Among the documents it sought from Village were any referring to "the territorial division of cinemas in Australia by the Hoyts Group of companies on the one hand and/or by [Village-Greater Union] on the other".

Reading's chief operating officer at the time, Neil Pentecost (a former Hoyts executive), said he knew how the separation worked. In an affidavit quoted in the judgement he said that in Perth everything south of the Swan River was Hoyts territory, while everything north of the river was Greater Union-Village territory. In Queensland, Hoyts was limited to the Brisbane city centre and Surfers Paradise, and the rest of Queensland was left to Greater Union-Village. The other states were divided in similar fashion.

Speaking about his time as a senior executive of Hoyts, he said: "I knew that I could make my own commercial decisions on the basis that GU-Village would not be a competitor against Hoyts in its acknowledged territories. To the best of my knowledge I do not recall an instance when GU-Village and Hoyts competed for a site."

Indeed, at times the two swapped sites. He said that in 1996 Hoyts and Greater Union-Village swapped their Blacktown and Parramatta sites to ensure Hoyts consolidated its control of Sydney's outer-western corridor, while Greater Union-Village consolidated at Parramatta.

It is easy to see how such an arrangement would work to keep ticket prices high. With geographical separation, most Hoyts cinema managers, for example, would know there was no risk of a Greater Union cinema down the road cutting its prices to steal customers. There would be no Greater Union cinema down the road. There would be no need for a price war in order to get customers back.

If the arrangement that was described in the Federal Court is deliberate, Australia's two big cinema chains would appear to make up a cartel. The Australian Competition and Consumer Commission describes cartels as "a cancer on our economy". Its chairman, Graeme Samuel, says he has 40 under investigation. His definition includes companies that engage in "market sharing".

The Federal Court believed that the territorial division of cinemas was worth investigating. In 2002 it granted Reading the right to obtain the documents it sought. Justice Bryan Beaumont noted the evidence about territorial division was unchallenged by Village and its associates during the procedural hearing, a fact he thought was significant.

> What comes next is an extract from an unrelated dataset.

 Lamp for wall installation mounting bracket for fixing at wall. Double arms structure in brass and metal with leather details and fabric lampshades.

But whatever documents there may have been never saw the light of day. Shortly after being given the right to obtain documents from Village, Greater Union and Hoyts, Reading discontinued its case. It settled out of court with Greater Union and Village.

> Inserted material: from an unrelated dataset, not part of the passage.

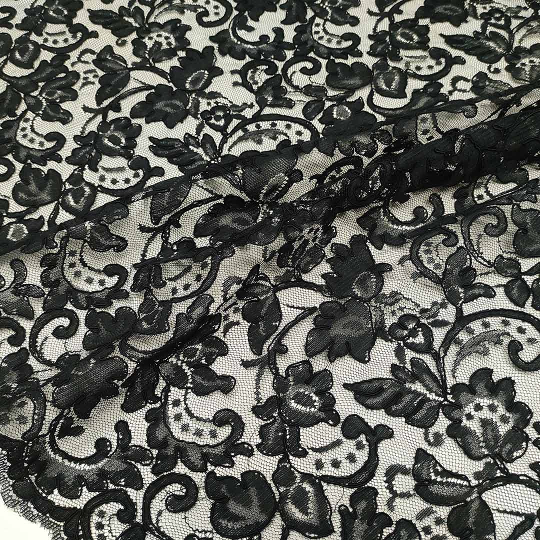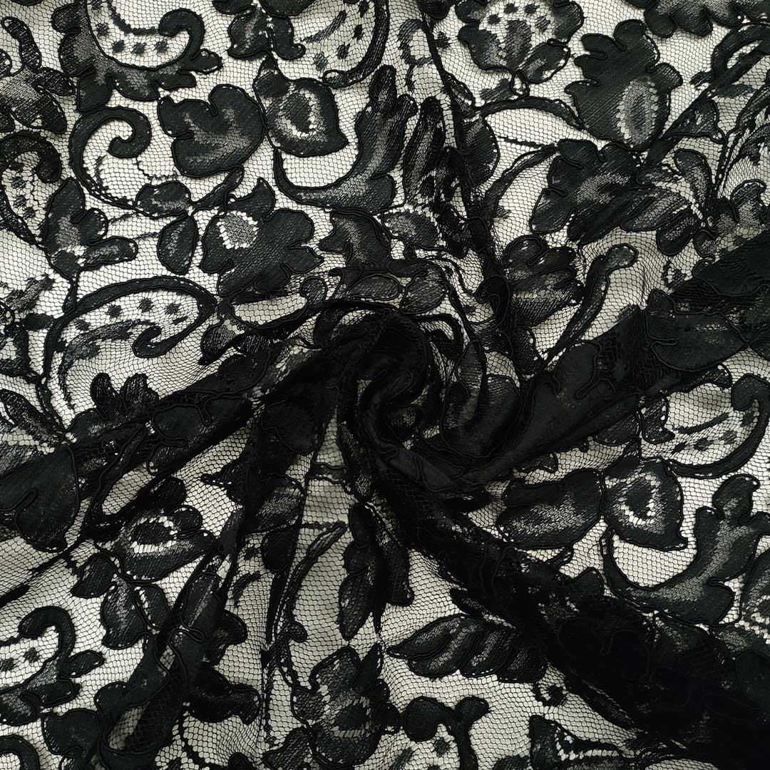 Tessuto pizzo su tulle elasticizzato motivo floreale nero 04

The competition commission has the power to take the investigation further. For all I know, it may be doing so. It will not reveal the names of the 40 suspected cartels it is investigating. But its previous record on cinemas gives theatre goers little cause for hope.

In 2000 it approved an arrangement whereby Greater Union, Village and Hoyts centralised their separate Sydney city centre operations. The commission's then chairman, Allan Fels, said at the time that the three had assured him they would continue to compete while at the combined George Street site.

"Hoyts and Greater Union will each utilise six screens and Village will utilise five. Each will buy films independently from distributors, program their own screens and determine ticket prices."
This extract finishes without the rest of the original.